### Your instructions
Output, exactly and with no pictures, the line that contains "Стол Бай с крестообразными" and every line that comes after it in the data below, the last one included.

::: Records for this exercise :::

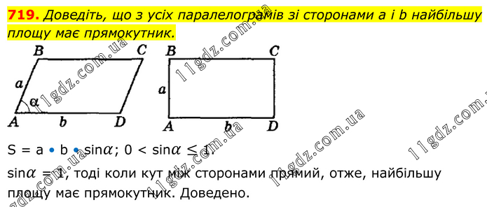 Доведіть, що з усіх паралелограмів зі сторонами a і b найбільшу площу має прямокутник. S = a • b • sinα; 0 < sinα ≤ 1. sinα = 1, тоді коли кут між сторонами прямий, отже, найбільшу площу має прямокутник. Доведено.
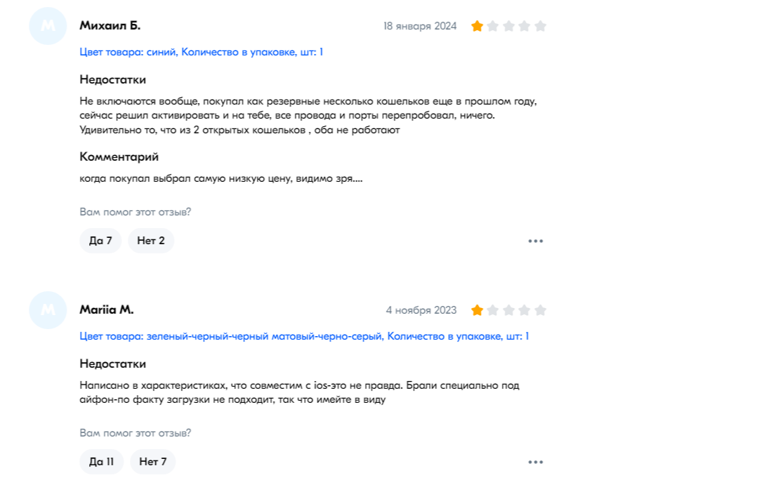 Большинство негативных отзывов связано с заводским браком изделий и недоукомплектации товара. Иногда кошелек просто не включается, часто возникают проблемы с работой зарядного устройства и аккумулятора.
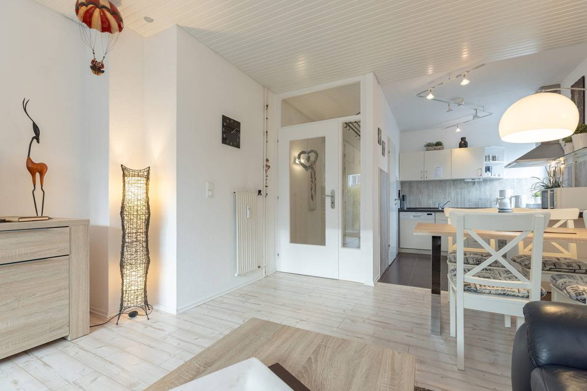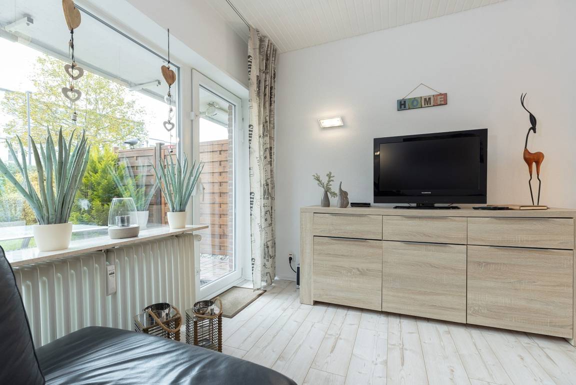 Der helle moderne Wohn-/Essbereich mit direktem Zugang zur Terrasse verfügt über einen Essplatz für 4 Personen. Zur Unterhaltung stehen ein Flachbild-TV und der Boden ist mit Laminatboden ausgelegt. Die Fenster lassen sich durch einen Außenrollladen verdunkeln.
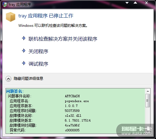 请查看下瑞星安装目录下是否有dump文件,如果有,请压缩跟帖发来;如果没有,请将您的QQ
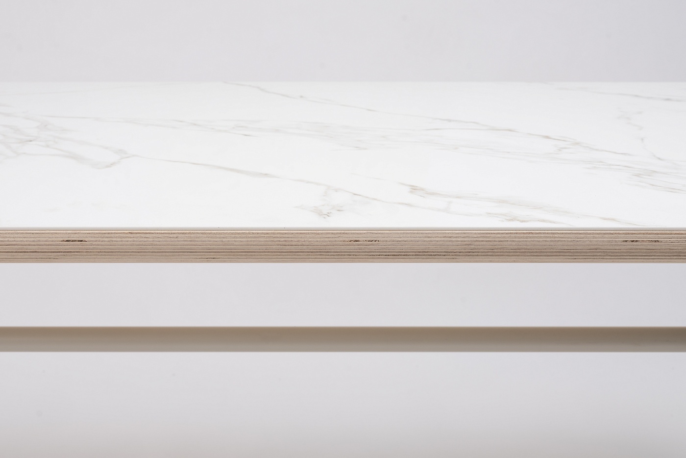 Стол Бай с крестообразными ножками, сохраняющий особенность своего оригинального дизайна. Стальная конструкция, рационалистичная и футуристичная, прибыла, чтобы победить.
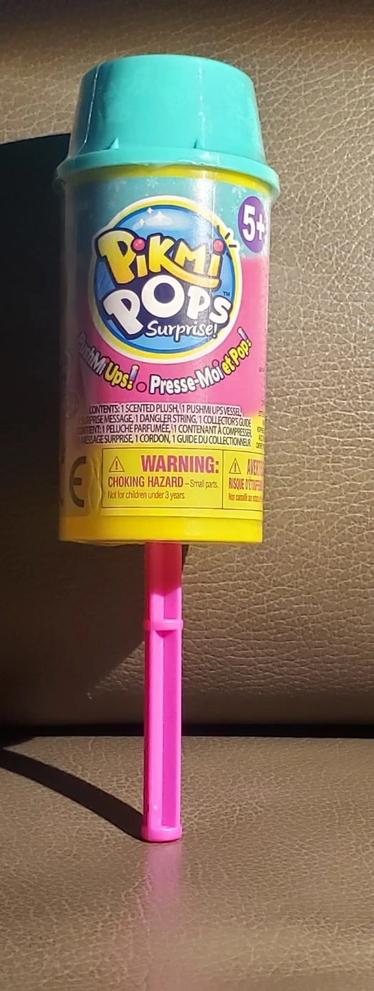 Selling a Pikmi Pops Surprise toy, perfect for kids aged 5 and up! It includes a scented plush, a Pushmi Ups vessel, a surprise message, a dangler string, and a collector's guide

:::

### Response to this task
 Стол Бай с крестообразными ножками, сохраняющий особенность своего оригинального дизайна. Стальная конструкция, рационалистичная и футуристичная, прибыла, чтобы победить.
 Selling a Pikmi Pops Surprise toy, perfect for kids aged 5 and up! It includes a scented plush, a Pushmi Ups vessel, a surprise message, a dangler string, and a collector's guide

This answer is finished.